As the cichlid grows older would it kill the slamanders? What about the african frogs as a tank mate? How would the cichlid interact with either of these tank mates?


----------



## Puffer Pita

African frogs prefer cooler water. Are you talking about African dwarf frogs or African clawed frogs? Clawed frogs are very aggressive and would likely eat the guppies. Dwarves are very small and non-aggressive but I wouldn't put one in a tank taller than 12". Both ADFs and ACFs are air breathers and that's a long way to go for ADFs.


----------



## Archaea

i'm hoping that the guppies will just breed like mad in the 75 gallon tank...and then the salamander or african frog and the single Cichlid would be able to eat whatever they want from the guppy population but the breeding would be fast enough to keep the guppy population up. Is this a legitimate idea?


----------



## Puffer Pita

Not really IMO, because they won't care if they are fry or full size guppies, they'll eat them all. Its not like you can tell them to eat all the fry they want as long as they leave the breeders alone.


----------



## Laura Ann

Yeah, what she said. 

Cichlids can, and will eat most any live food that will fit into their mouths. Ask BoxerMom here... her EBJD killed off something in her tank just recently. 

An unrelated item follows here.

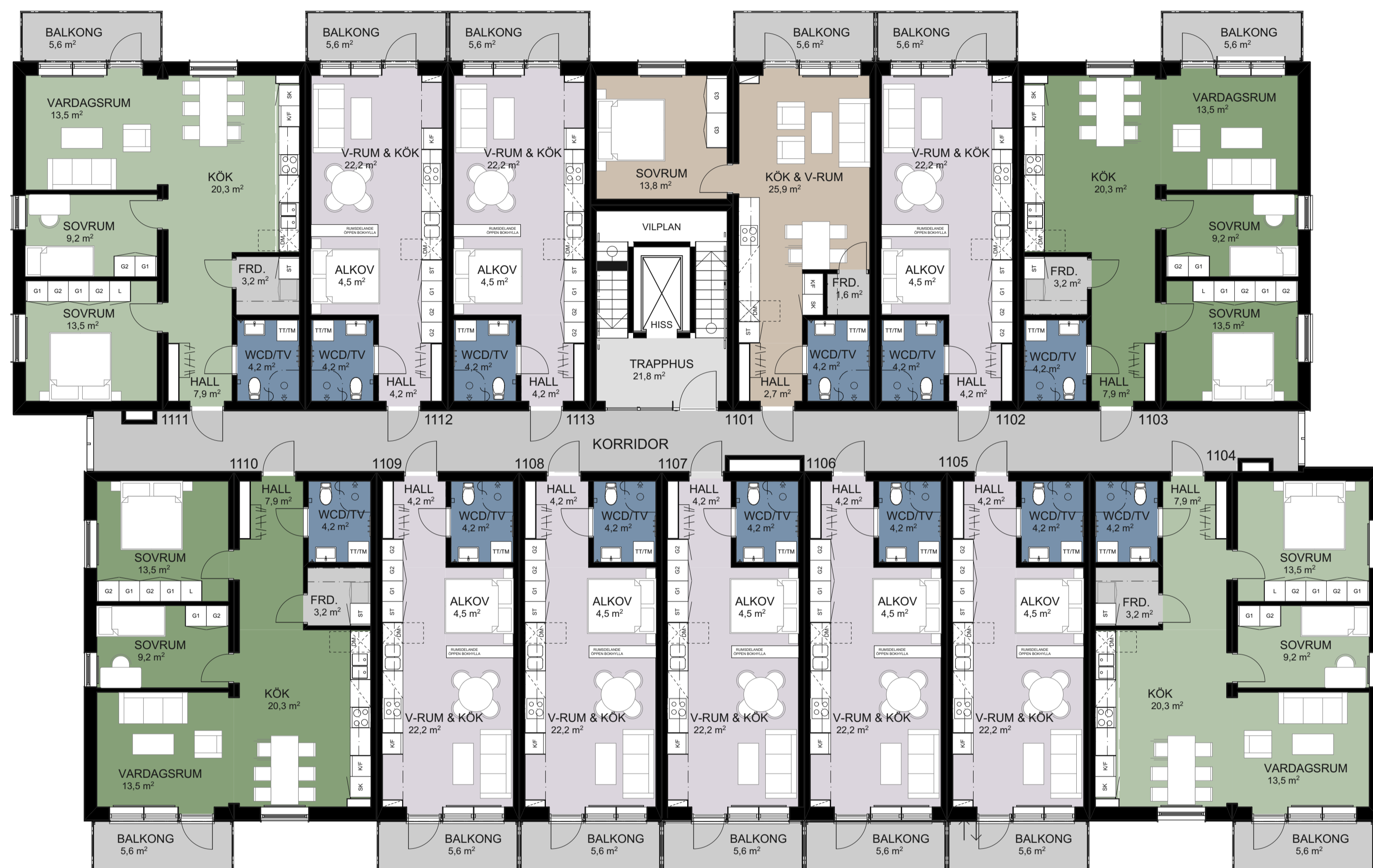
HUS B1: PLAN 2

Also, if guppies are added, it will eat them, and it will get BIG. I have only been feeding my cichlids feeders for about a month now and they have grown dramatically in size. I wouldn't doubt that if you put a frog or a salamander in there, it would eventually think it is food as well. 

Sounds like you have a Cobalt Blue Zebra, but being from ole Wally World, it could be anything. I suggest you just get more Africans to put in there with it (not from Wal-Mart) and go from there. Africans are mean, but MAN they are beautiful!! 

Oh yeah, I am assuming this guy is an African, because usually Wal-Mart only carries a mixed African tank and some Oscars. 

Anyway, I'd ditch the idea of having frogs or salamanders in there... it is an accident just waiting to happen. 

Good luck!!


----------



## Puffer Pita

Well now we don't know he killed it.  He was just found to be eating it. The kuhli loach could have died a natural death. I'm leaning toward it already being dead because otherwise I think the eye barbs would have stuck in his craw and he wouldn't have been able to dislodge it. But yes, he was eating it because it fit into his mouth. Not down his throat, but in his mouth.


----------